Sunday 28 August
I get up early again on Sunday to talk to Mum, to test if I have the courage to tell her. Since my conversation with Ben, I can’t stop asking myself how badly do I want it? The answer still hasn’t arrived.
Ady is talking with Mum and Ady needs a little comfort, so I let her have that. I stand in the hallway, giving them time, listening to Mum explain how she and Dad are depending on me getting the scholarship because money is scarcer than it’s ever been. She says how proud they are, and how she doesn’t mean that I have to get the scholarship, that’s not what she means, they’ll find the money somehow, but it’ll be a huge load off their minds when I do.
Ady gives nothing away. She tells Mum about the intimidating nature of my braininess, and Mum laughs and admits she’s been intimidated by me since I was about two. ‘There’s a genius a few generations back on her father’s side, and I’m pretty sure that’s where it comes from.’
I want to go into the kitchen, sit next to Mum, and be that girl who had such firm and achievable ambitions, but I can’t. I want to go back to my bedroom and reply to Oliver and tell him that I’ve told my parents everything, but I can’t do that either. So I just stand here on the warm floor, in my bare feet, on a small island of sun, till it moves into shadow.
I hear my phone ringing from my room, and I run back to answer it before it wakes Clem.
‘So are you having fun?’ Iris asks, sounding so sick and lonely that I feel like I need to give her something. I tell her I wish she could have been here. ‘We’ve basically spent the time cheering up Ady. There’s bad stuff going on with her family. She might not even be able to come back to school.’

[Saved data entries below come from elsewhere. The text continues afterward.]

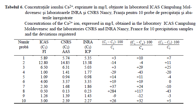 Pentru ionul Ca2+ , abaterile rezultatelor obţinute la ICAS se situează în intervalul ±20 % faţă de cele determinate la CNRS prin AAS, pentru concentraţii mai mari de 3 mg/l. Pentru concentraţii mai mici, abaterile cresc odată cu apropierea de limita de detecţie (1 mg Ca/l).
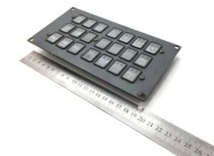 Dimensiunile panoului sunt aproximativ 16 cm lungime și 8 cm lățime, conform riglei standard din imagine. Designul compact și ergonomic permite o instalare facilă și o utilizare intuitivă, asigurându-se că toate funcțiile esențiale sunt la îndemână.
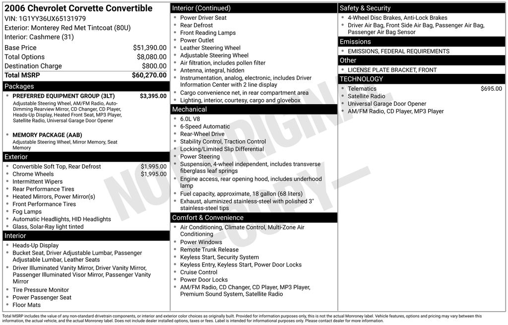 Monterey Red Metallic Tintcoat 2006 Chevrolet Corvette RWD 6-Speed Automatic Paddle Shift 6.0L V8 SFIOdometer is 20364 miles below market average! 17/27 City/Highway MPGAwards: * 2006 KBB.com Best Resale Value Awards
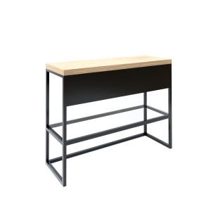 Konstrukcja wykonana jest ze stali, malowana lakierami odpornymi na korozję. Blat wykonano z drewna dębowego, odpowiednio zabezpieczono przed wilgocią. Przód konsoli osłonięty jest maskownicą wykonaną z płyty akrylowej. Dodatkowe miejsce do przechowywania stanowi szklana półka o grubości 8mm.
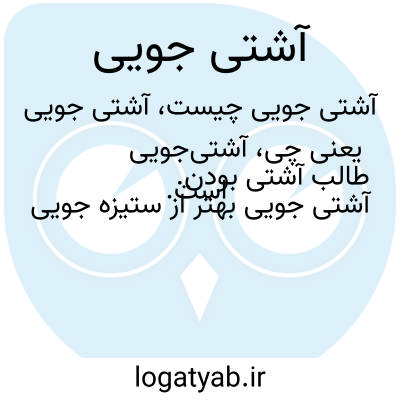 جمله سازی با آشتی جویی گر پس از جنگ آشتی جویی، نگیری در کنار تا هم آن دم نیز بیجنگی نباشد آشتی گر ای دون کهه با شهریار جهان همی آشتی جویی اندر نهان

‘That sucks,’ Iris says after I’ve explained, and I’m reminded again why I like Iris. She’s harsh on the surface, but not underneath. In some ways, she’s not unlike Ady.
‘So we’ll be back soon,’ I say.
Later, lying with Clem and Ady near the river, after we’ve exhausted the subjects of Ben and Oliver and Max, I ask Clem about Iris and why they don’t get along.
‘We did a long time ago,’ Clem says. ‘We do still, actually, in some ways. It’s hard being a twin.’ She takes a piece of grass and splits it down the centre with her nail, then shows it to us, as if she can’t put into words what it’s like.